Exercise:
A letter-for-letter copy of the listing is required, with no pictures in it.

Source data:
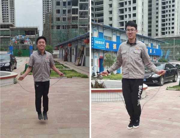 各项目部根据场地条件自行制定比赛内容,让职工们自由选择,有羽毛球、跳绳、踢毽子等。所有活动中比较热闹的有许昌项目部的跳绳比赛,青年职工回军帅、唐文耀、李诗奇、刘彦、肖博文等两人摇、多人鱼贯顺序跳的长绳赛,李政良,高岩单人双手摇、自摇自跳的短绳赛,他们配合协条性好,单次跳的数量最多,迎来场外职工阵阵喝彩。
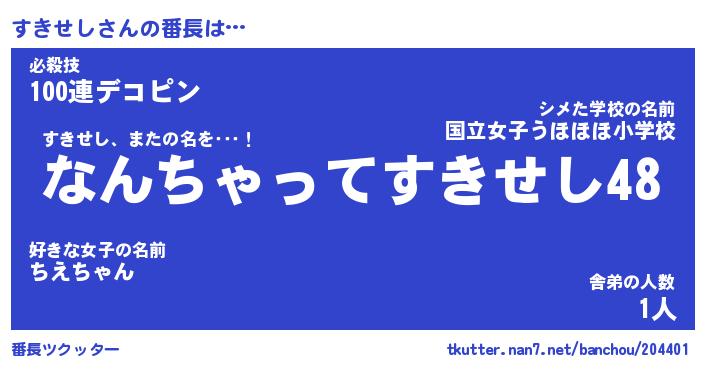 | 男性向けラノベタイトル風あだ名 | 『すきせしの憂鬱』 |
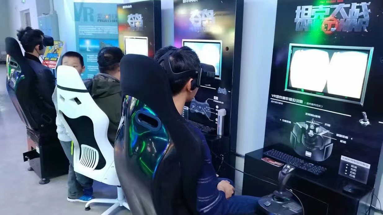 线下的产品在设备上,我们不仅有VR设备来满足身临其境的沉浸式体验,还配备了动感座椅来增强动感上的体验。使玩家能够实时感受到游戏内驾驶坦克时的前进、转向、开炮攻击等不同的动感体验。在游戏操控上,我们也为不同类型的玩家做出了多种友好的选择权,以此来满足各类玩家的操作习惯。例如仿真的多功能操控杆是专业玩家的最爱,游戏手柄操控老少皆宜,还有满足传统PC玩家的键盘式操控。

Expected output:
 各项目部根据场地条件自行制定比赛内容,让职工们自由选择,有羽毛球、跳绳、踢毽子等。所有活动中比较热闹的有许昌项目部的跳绳比赛,青年职工回军帅、唐文耀、李诗奇、刘彦、肖博文等两人摇、多人鱼贯顺序跳的长绳赛,李政良,高岩单人双手摇、自摇自跳的短绳赛,他们配合协条性好,单次跳的数量最多,迎来场外职工阵阵喝彩。
 | 男性向けラノベタイトル風あだ名 | 『すきせしの憂鬱』 |
 线下的产品在设备上,我们不仅有VR设备来满足身临其境的沉浸式体验,还配备了动感座椅来增强动感上的体验。使玩家能够实时感受到游戏内驾驶坦克时的前进、转向、开炮攻击等不同的动感体验。在游戏操控上,我们也为不同类型的玩家做出了多种友好的选择权,以此来满足各类玩家的操作习惯。例如仿真的多功能操控杆是专业玩家的最爱,游戏手柄操控老少皆宜,还有满足传统PC玩家的键盘式操控。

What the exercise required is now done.